Posts: 7,404 Member Since:04/02/2011

#191 [url]

Mar 15 17 11:54 AM

demiana wrote:
I have recorded a modern Thinline reissue with humbuckers, and that did sound very muddy. But I'm told that the original Wide Range humbuckers are completely different and much better, never tried them though.

Completely different. The genuine article are the opposite of muddy, and actually remind me a little bit of a juiced-up Fender single-coil. 

Here's the total story of why you heard what you heard and what's up with the pickups on those. 

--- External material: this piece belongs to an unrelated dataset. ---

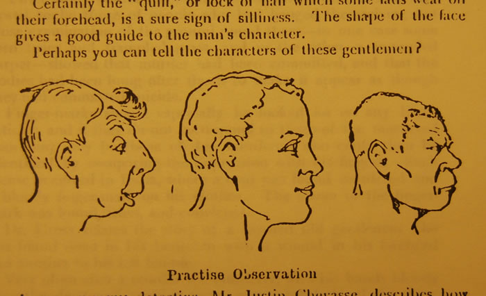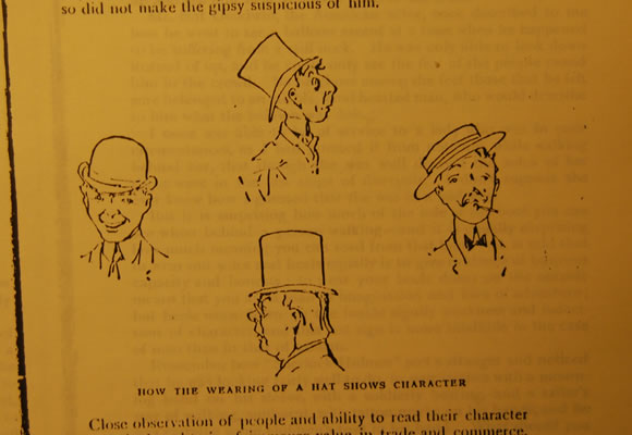 It is said that you can tell a man's character from the way he wears his hat. If it is slightly on one side, the wearer is good-natured; if it is worn very much on one side, he is a swaggerer; if on the back of his head, he is bad at paying his debts; if worn straight on the top, he is probably honest but very dull. Page 122 The shape of the face gives a good guide to the man's character.
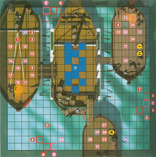 | 出撃人数 13人 勝利条件 敵将撃破 攻略要点 海 上的一关,敌人从3个方向向我方进攻,虽然初看是这样,但因为敌方有不少天马所以基本第一回合我方站哪都会被打到。这次敌方还有不少将军和大骑士,只能堵 住2边,然后专心消灭一头再回去救比较好。这关有3个宝箱,但没有贼,掉落的宝箱钥匙只有1把,所以记得派出能开锁的职业。 初期配置 1.ブラーゼ ジェネラル Lv.7 スレンドスピア マスタープルフ (可掉落) 2-7.ヴァルム兵 ペガサスナイト Lv.18 8.ヴァルム兵 ペガサスナイト Lv.18 ショートスピア (可掉落) 9-11,20.ヴァルム兵 アーマーナイト Lv.18 12-14,22,23,29,30.ヴァルム兵 ソシアルナイト Lv.18 15-17,24,25,31.ヴァルム兵 魔道士 Lv.18 18.ヴァルム兵 ジェネラル Lv.3 銀の斧 19.ヴァルム兵 グレートナイト Lv.3 銀の剣 21.ヴァルム兵 アーマーナイト Lv.18 ショートスピア 宝の鍵 (可掉落) 26.ヴァルム兵 グレートナイト Lv.3 トマホーク ショートアクス (可掉落) 32.ヴァルム兵 ジェネラル Lv.3 銀の槍、魔よけ (可掉落) H: 33,34.ヴァルム兵 ペガサスナイト Lv.18 L: 35,36.ヴァルム兵 ペガサスナイト Lv.18 敌增援 第五回合(H第四回合出现,L第三回合出现) A. ヴァルム兵 ペガサスナイト Lv.18 X2 H难度下添加: D.ヴァルム兵 ペガサスナイト Lv.18 第六回合(H第五回合出现,L第四回合出现) B. ヴァルム兵 ペガサスナイト Lv.18 X2 H难度下添加: E. ヴァルム兵 ペガサスナイト Lv.18 第七回合(H第六回合出现,L第五回合出现) C. ヴァルム兵 ペガサスナイト Lv.18 X2 H难度下添加: F. ヴァルム兵 ペガサスナイト Lv.18 宝箱: 一 金块(中) 二 大恢复杖 三 横转证 |

Gibson-style humbukers of Seth Lover's 1957 design are constructed like this: Two coils of opposite winding direction are wound on separate bobbins, and connected in series. One coil is wound around steel "slugs" and the other coil is wound around adjustable screw polepieces. None of the polepieces--slugs nor screws--are permanent magnets. They're just plain rods/screws of steel. Underneath both coils, under a spacer, sits a permanent bar magnet of AlNiCo II, V, IV, or ceramic ferrite. One side of the bar is "north" and the other side is "south." The north side contacts one row of polepieces (say, the slugs) and the south side contacts the other, meaning a single magnet temporarily charges both rows, but in opposite magnetic polarity. 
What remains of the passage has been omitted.